The final toll, 4 days in a coma, a bunch of broken ribs, a crushed lung, a ruptured spleen and a scar from belly button to sternum where they ripped me open to repair the damaged organs. A reminder I see every day of my life. 

Our scars shape us. 

In my life I have had many different scars of various shapes and sizes. All of us have. Some more, some less, it doesn’t matter. Now is not the time for comparison. Now is the time for reflection. Now is the time to get curious about your scars. Now is the time to learn from them and wear them with pride. 

What are your scars?
How do you feel about our scars?
Do you resent them?
Do you deny them?
Do you own them?
What meaning will you give to them?

These are all questions that I reflect on every year at this time. Every year I renew my commitment to “Make Beautiful Shit Happen” and make sure that I am continuing down a path that is worthy of the man this deeply scarred human being wants to be. 

Two years ago I brought this topic to my Men’s group as a theme for the night. I asked the men to reflect on the scars that have shaped them. We talked about how to make sure that we own our scars and how we can ensure that our scars do not own us. It all comes down to this simple truism. 

With awareness comes choice.

The scars I described above are fairly large and glaringly obvious. They are pretty hard to ignore. However for many of us we work hard to ignore the scars that wound us. They are too painful to acknowledge so we go about our daily lives allowing them to simmer under the surface quietly influencing our decisions, our behaviors and ultimately our outcomes in life. They become the subtle forces that silently guide us.

Every scar has a story, every story a purpose. Sometimes the meaning in those stories is abundantly evident, other times it can feel like there cannot be any possible meaning that would inflict such pain.

“For your pain is Rachel’s legacy to you. Not that she or I would inflict such pain by choice,  but there it is. And it must burn its purifying way to completion. For something in you dies when you bear the unbearable, and it is only in that dark night of the soul that you are prepared to see as God sees, and to love as God loves.”

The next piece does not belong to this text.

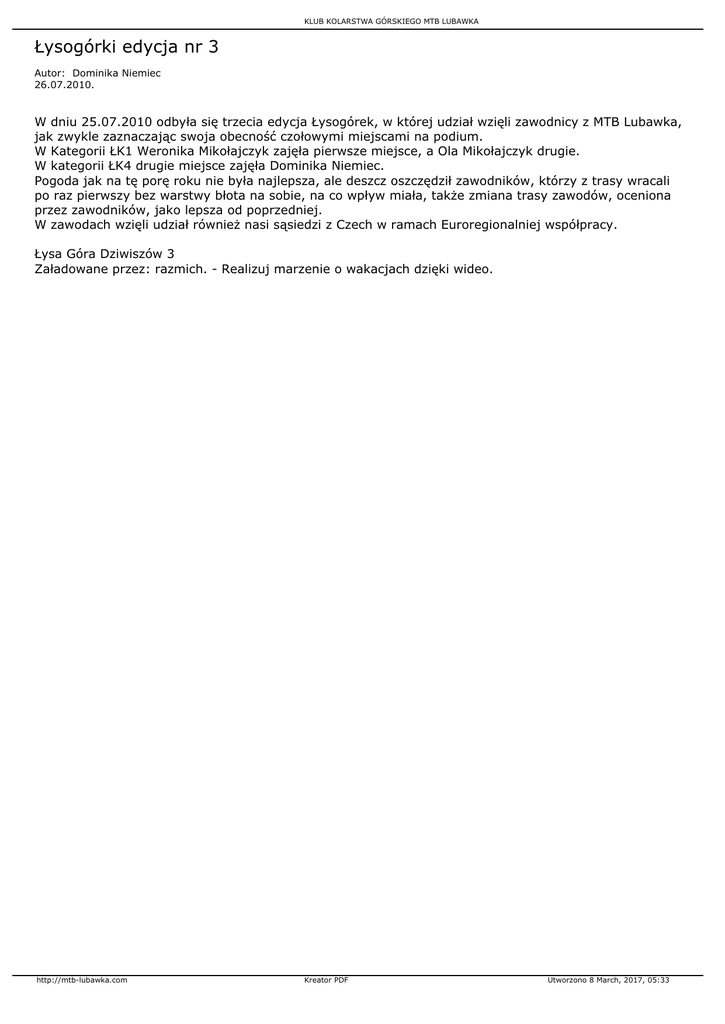 KLUB KOLARSTWA GÓRSKIEGO MTB LUBAWKA Łysogórki edycja nr 3 Autor: Dominika Niemiec 26.07.2010. W dniu 25.07.2010 odbyła się trzecia edycja Łysogórek, w której udział wzięli zawodnicy z MTB Lubawka, jak zwykle zaznaczając swoja obecność czołowymi miejscami na podium. W Kategorii ŁK1 Weronika Mikołajczyk zajęła pierwsze miejsce, a Ola Mikołajczyk drugie. W kategorii ŁK4 drugie miejsce zajęła Dominika Niemiec. Pogoda jak na tę porę roku nie była najlepsza, ale deszcz oszczędził zawodników, którzy z trasy wracali po raz pierwszy bez warstwy błota na sobie, na co wpływ miała, także zmiana trasy zawodów, oceniona przez zawodników, jako lepsza od poprzedniej. W zawodach wzięli udział również nasi sąsiedzi z Czech w ramach Euroregionalniej współpracy. Łysa Góra Dziwiszów 3 Załadowane przez: razmich. - Realizuj marzenie o wakacjach dzięki wideo. http://mtb-lubawka.com Kreator PDF Utworzono 8 March, 2017, 05:33

Ram Dass – Letter to Rachel

Your scars are the living legacy of who you are. They are the roadmap of your past, your present and they will shape your future. 

The question becomes will you get intentional with how your scars shape you? Or will you let them whisper softly in your ear, so gently that we can ignore their influence and live a life by default rather than by design. 

What are some of the scars that shape you?

How do those scars impact how you show up in the world?

Where can you be more intentional about how those scars move you through life?